→ Required action: From the first line to the last, repeat the data exactly but leave out the pictures.

→ Available data:

# # # # # # #

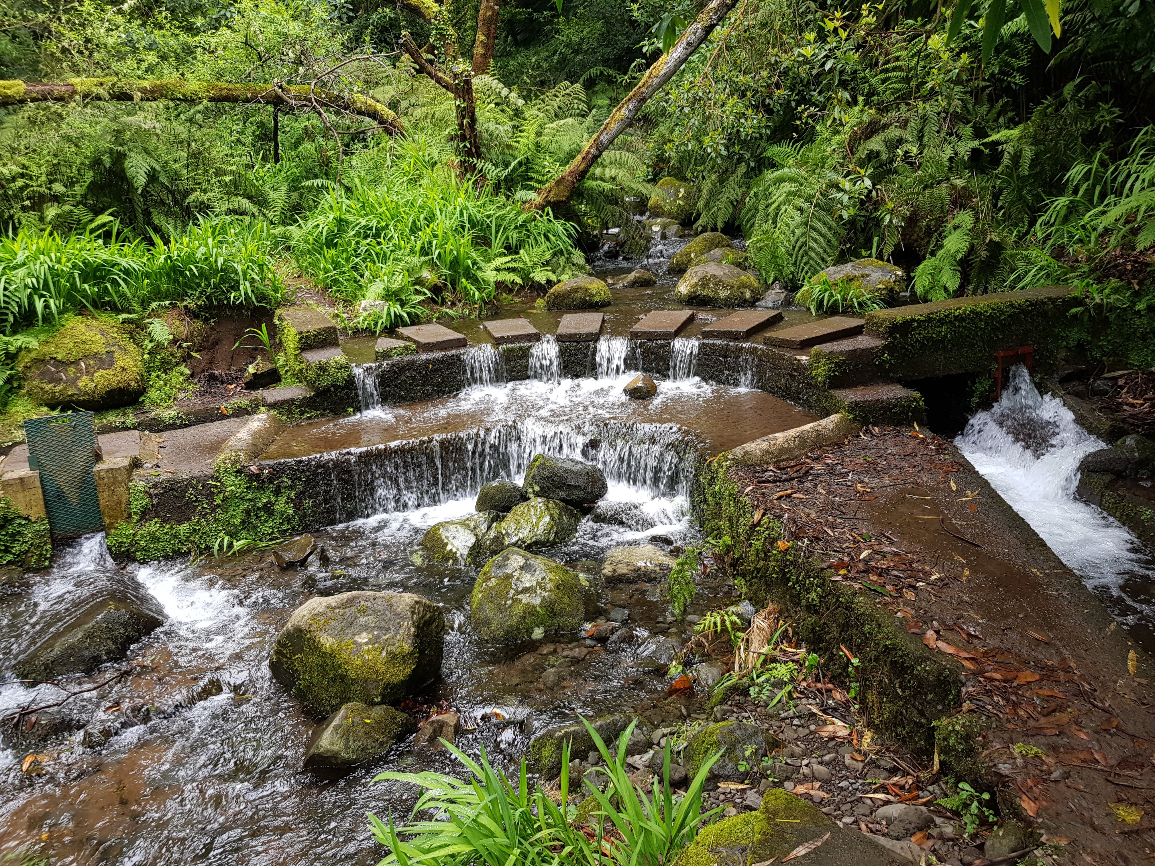 Nun dauert es nicht mehr lange, bis wir das Ende des Weges erreicht haben. Wir stehen nun am Flussbett, von dem die Levada abgeleitet wird, quasi an deren Anfang. Die Wassermassen stürzen hier vom Berg in eine Art Sammelbecken und rauschen weiter runter ins Tal.
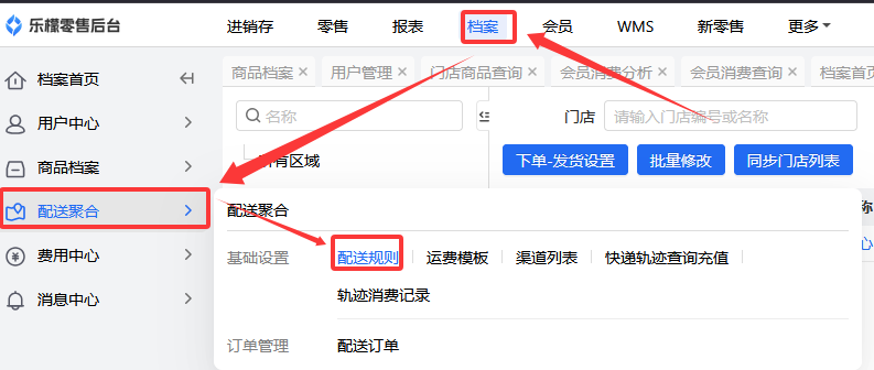 👉【操作路径】:档案-配送聚合-配送规则,点击需要设置的门店,运费设置-开启【特殊时段费用】,然后进行设置
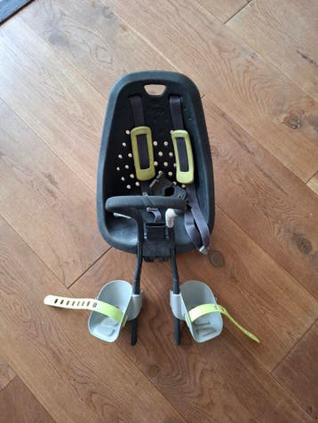 Kinderzitje voor voorop de fiets van het merk yepp. Het stoelje is nog goed, alleen laat het omhulsel van de vasthoud stang iets los, zie foto 2. Hier kan je tape omheen doen.

# # # # # # #

→ Solution to the exercise:
 Nun dauert es nicht mehr lange, bis wir das Ende des Weges erreicht haben. Wir stehen nun am Flussbett, von dem die Levada abgeleitet wird, quasi an deren Anfang. Die Wassermassen stürzen hier vom Berg in eine Art Sammelbecken und rauschen weiter runter ins Tal.
 👉【操作路径】:档案-配送聚合-配送规则,点击需要设置的门店,运费设置-开启【特殊时段费用】,然后进行设置
 Kinderzitje voor voorop de fiets van het merk yepp. Het stoelje is nog goed, alleen laat het omhulsel van de vasthoud stang iets los, zie foto 2. Hier kan je tape omheen doen.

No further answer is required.